Phillippi v. Commonwealth

Opinion by

Judge Williams, Jr.,

Ms. Cora Lee Phillippi, (claimant), appeals from an order of the Unemployment Compensation Board of Review (Board) affirming the .referee’s determination that claimant was ineligible for unemployment benefits pursuant to the disqualifying provisions of Section 402.1(1) of the Unemployment Compensation Law (Law).1

The claimant was employed by the Springfield Township School District (School District) since 1967 as a tenured teacher of English. In June of 1980, the claimant was furloughed from her position as a full time, tenured, professional English teacher because of declining enrollment in the School District. On August. 17, 1980 the claimant filed an application for unemployment benefits. The record indicates that she received benefits until she was reemployed by the School District in November of 1980.

On November 14, 1980, Ms. Phillippi was reemployed by the School District as a long term substitute teacher. The claimant worked from November 14,1980 until June 19, 1981 when her contract as a long term substitute teacher terminated. However, .on May 21, 1981 the School District wrote a letter to the claimant informing her that her name would be placed on the master substitute list for the 1981-82 academic year. In that letter, Francis P. Romano, the Assistant Superintendent of The School District, stated, “. . .we would like you to know that you are assured placement *98on our master substitute list for the 1981-82 school year.” The School District’s letter did not require a response; nevertheless, a response was invited if the claimant had any questions about her status for the coming school year.

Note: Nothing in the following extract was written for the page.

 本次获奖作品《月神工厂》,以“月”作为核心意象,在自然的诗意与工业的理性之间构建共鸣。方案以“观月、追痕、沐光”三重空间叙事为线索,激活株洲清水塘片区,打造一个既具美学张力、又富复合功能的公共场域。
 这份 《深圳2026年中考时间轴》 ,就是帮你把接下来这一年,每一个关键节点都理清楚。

On July 2, 1981, the Office of Employment Security, (Office), issued a determination finding the claimant ineligible for benefits under Section 402.1(1) of the Law, for the compensable week ending June 27, 1981. The language of Section 402.1(1) states, inter alia, that a person who performs instructional services for an educational institution is ineligible for benefits for any week of unemployment commencing during the period between two successive academic years, if that person performed a service in the first academic year, and there is reasonable assurance that the person will perform service in the second of such academic years. The claimant filed a timely appeal from this determination on July 2,1981, and the matter was referred to a referee. On July 22, 1981 the referee conducted a hearing which was attended by the claimant and two witnesses for the School District. On July 27,1981, the referee issued a decision affirming the determination of the Office. On July 29, 1981 the claimant filed an appeal from the referee’s determination. The Board, on October 7, 1981, affirmed the referee’s decision. The instant appeal to this Court followed.

The facts of this case are not in dispute. However, the central issue to be resolved on this appeal is whether the Board’s conclusion that the claimant was ineligible to receive benefits, because she had a “reasonable assurance” of returning to the employ of the School District, was correct as a matter of law.

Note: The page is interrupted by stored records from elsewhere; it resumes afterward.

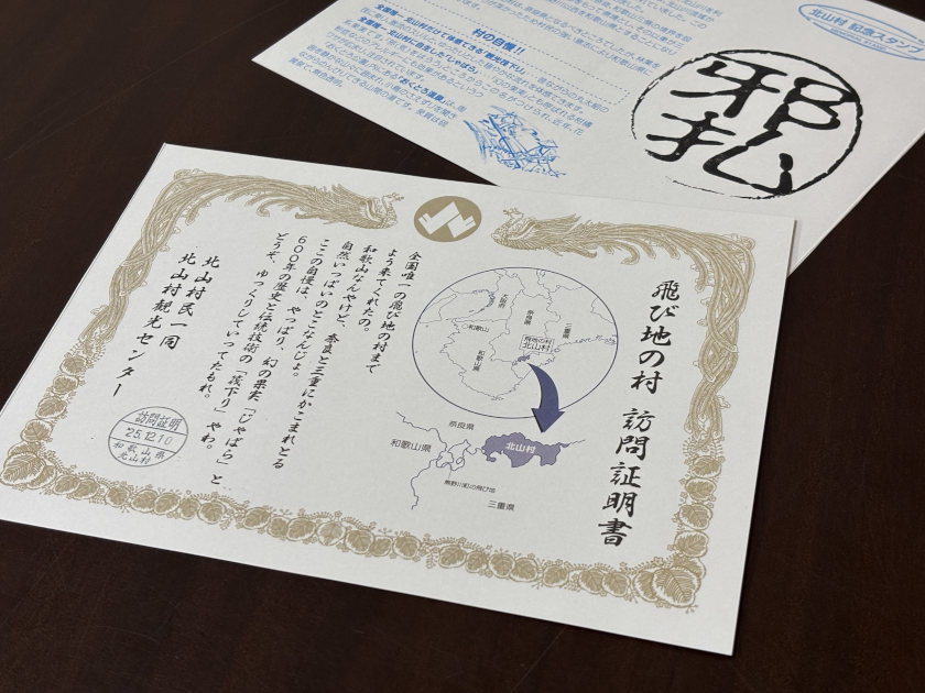 「北山村観光センター」では、飛び地の村訪問証明書をゲットできます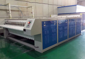 熨平機(jī)的調(diào)試常和其試運行同時進(jìn)行。為此,須在設(shè)備調(diào)試時,將一定數(shù)量的、用水浸透并經(jīng)甩干烘干的布草織物備好待用。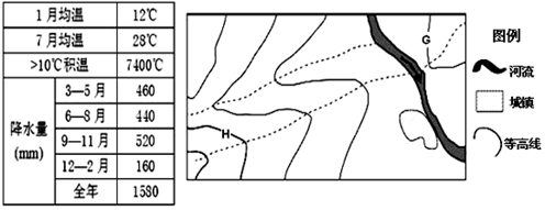 2、单选题 读“我国东部某地的等高线示意图”和“该地区的气候资料表”,图中等高线所示高度分别为100m、200m、300m、400m。综合分析后,回答问题。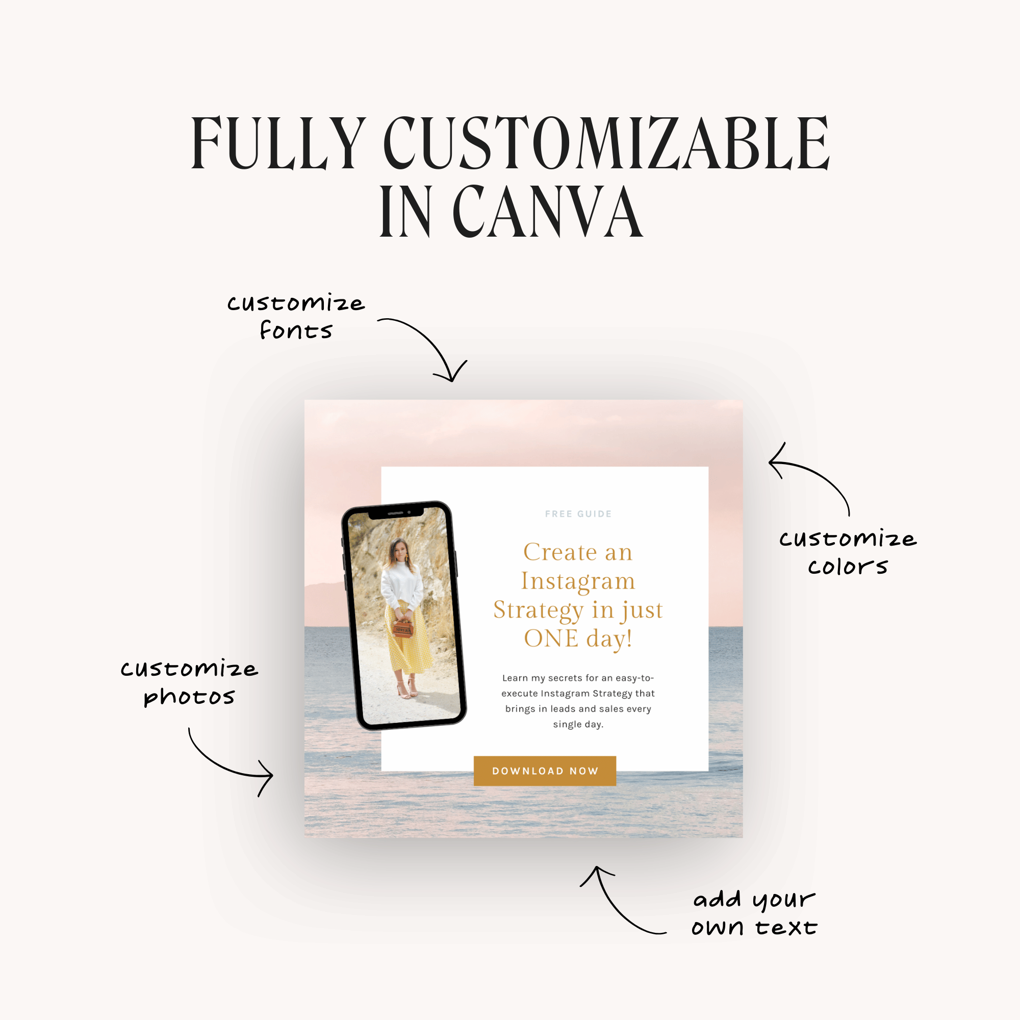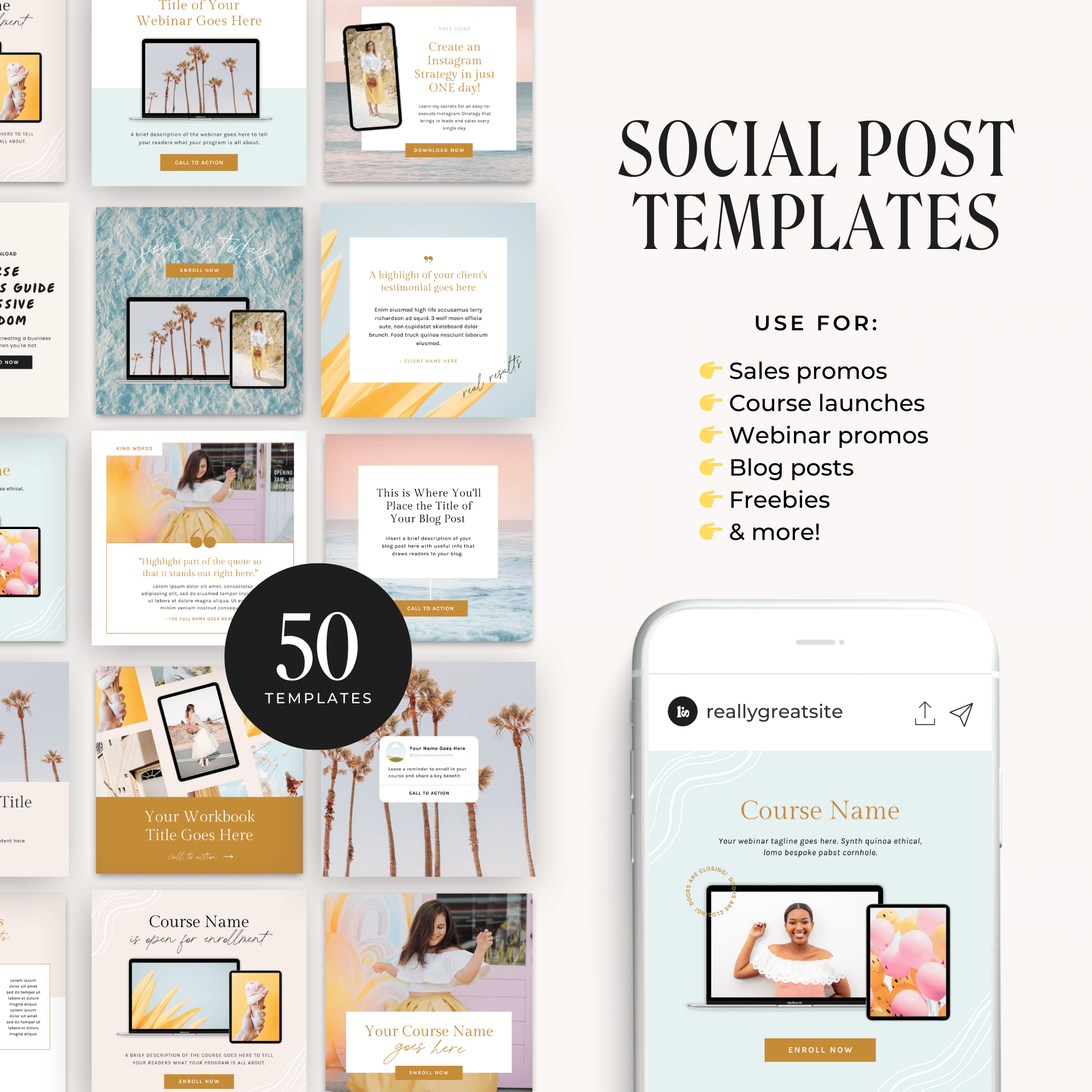 Use the social graphic templates in 3 size options (IG post, IG story & Pinterest) to promote your offers, share your freebies, engage with your audience and expand your reach.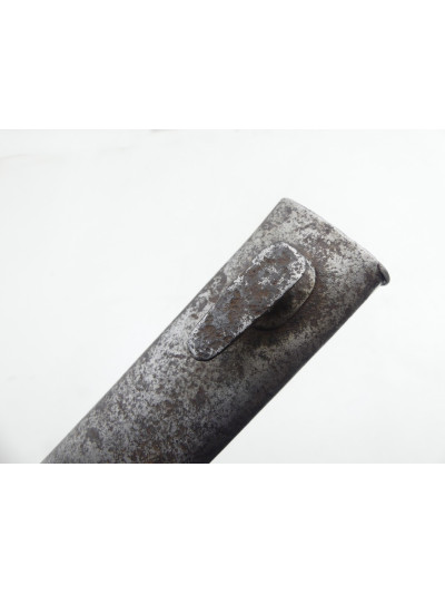 Fourreau en tôle d’acier avec taches d’oxydation plus ou moins prononcée et fortes piqûres par endroit.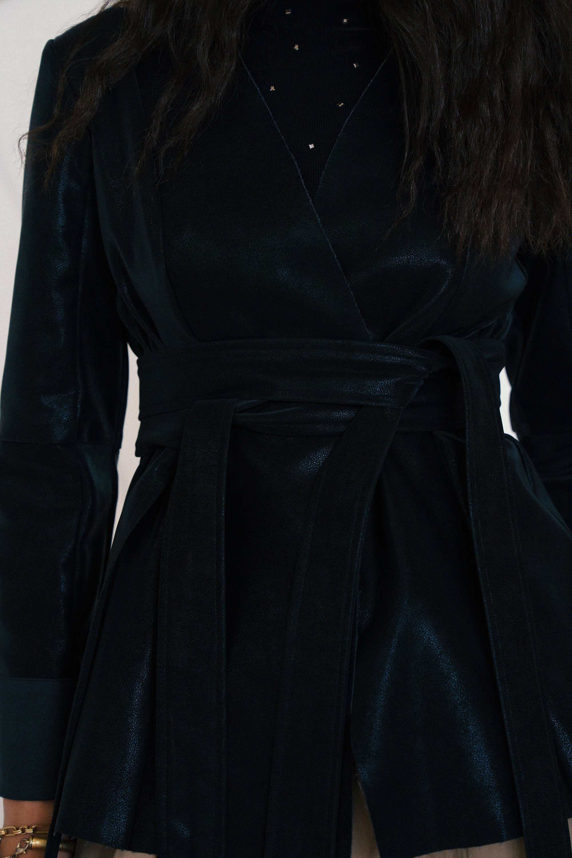 • Wrap-front silhouette with clean V-neckline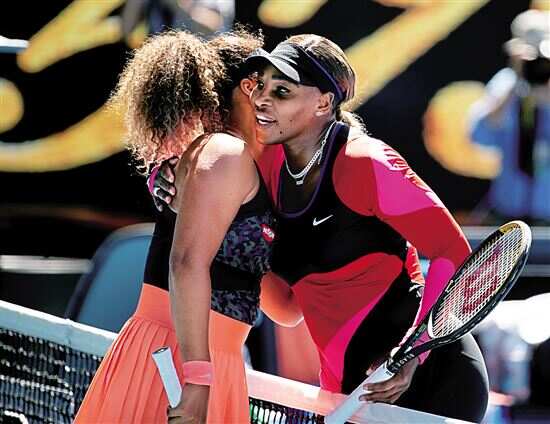 ■2月18日,大坂直美(左)和塞雷娜·威廉姆斯在比赛后致意。新华社发 |

The claimant contends that the letter which advised her that her name would be placed on the per diem substitute list for the 1981-82 academic year, without further confirmation that substitute work would be avail*99able, is not “reasonable assurance” of future employment. Additionally, the claimant asserts that the burden is on the employer to establish that a position exists for the unemployed teacher without any affirmative action required of the employee. Lastly, the claimant argues that the denial of compensation benefits to educational employees by the narrow interpretation of the Law denies them equal protection of the law.

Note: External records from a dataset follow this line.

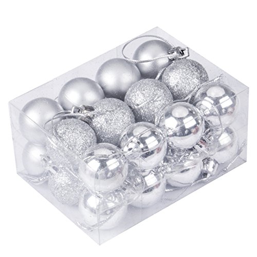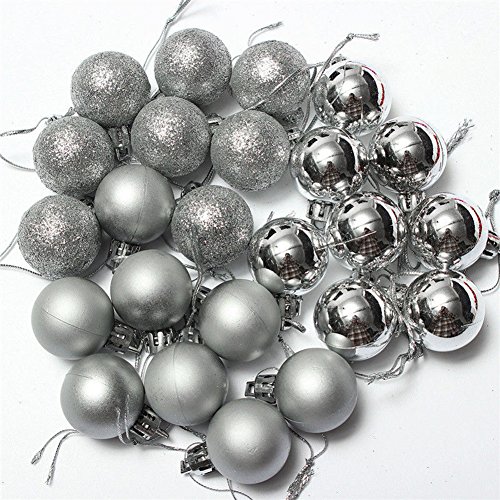 24Pcs Christmas Tree Decoration Ball Pendants Holiday Party Christmas Tree Ornaments (Silver)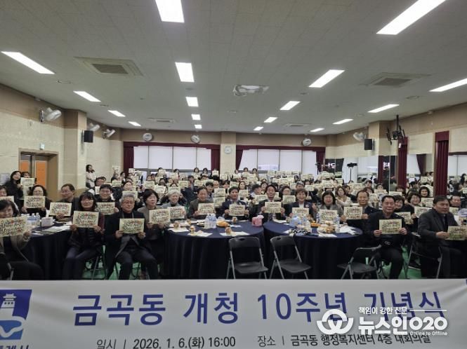 (뉴스인020 = 기자) 2026년 개청 10주년을 맞은 권선구 금곡동은 지난 6일 지역구 의원과 주민 등 100여 명이 참석한 가운데 주민자치회 및 통장협의회와 함께 10주년 기념행사를 개최했다.
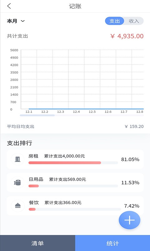 4、根据你的记账记录自动生成饼图和趋势图,清晰了解钱花哪儿了。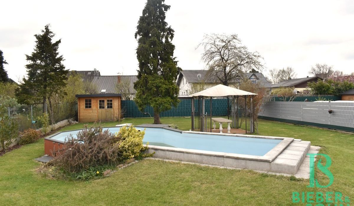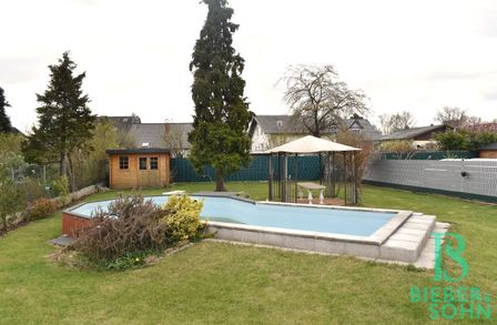 Ein ca. 570m² großer, gepflegter Garten mit Swimming Pool lädt zum Entspannen und Sonnenbaden ein. Eine praktische Gartenhütte bietet ausreichend Stauraum für Gartengeräte und weiteres Zubehör.

The current case law holds that for a person to have a reasonable expectation of employment, that person must receive information on which to base that expectation. Aronson v. Unemployment Compensation Board of Review, 56 Pa. Commonwealth Ct. 177, 424 A.2d 972 (1981). In Aronson, this Court held that in the absence of a formal agreement to rehire, there must be some evidence of mutual commitment or assurance between the teacher and the School District to recall the teacher, in order for the teacher to have a foundation on which to base a reasonable expectation of returning to employment in the next academic year. We have also held that what constitutes “reasonable assurance” must be determined by the Board’s examination of all the relevant facts. Goralski v. Unemployment Compensation Board of Review, 48 Pa. Commonwealth Ct. 39, 408 A.2d 1178 (1979).

Ms. Phillippi, after having been furloughed in June of 1980 resumed employment with the School District in November of 1980, and continued to teach until June of 1981. In May of 1981' the claimant received the letter which assured her that her name would be placed on the master substitute list for the 1981-82 academic year.

In accordance with Goralski, a letter notifying an individual that his name would be placed on the substitute teacher’s list for the upcoming year constitutes “reasonable assurance” of returning to employment *100in the next academic term. QoralsM. Accordingly, we hold that the letter of May 21, 1981 constituted “reasonable assurance” that Ms. Phillippi would be employed by the School District in the 1981-82 academic year; and that the Board was correct in denying benefits.

Therefore, we affirm the order of the Board.

Order

And Now, the 2nd day of May, 1983, the order of the Unemployment Compensation Board of Beview at Decision No. B-200062 is affirmed.

Act of December 5, 1936, Second Ex. Sees., P.L. (1937) 2897, as amended, added by Section 5 of the Act of July 6, 1977, P.L. 41, 43 P.S. §802.1(1).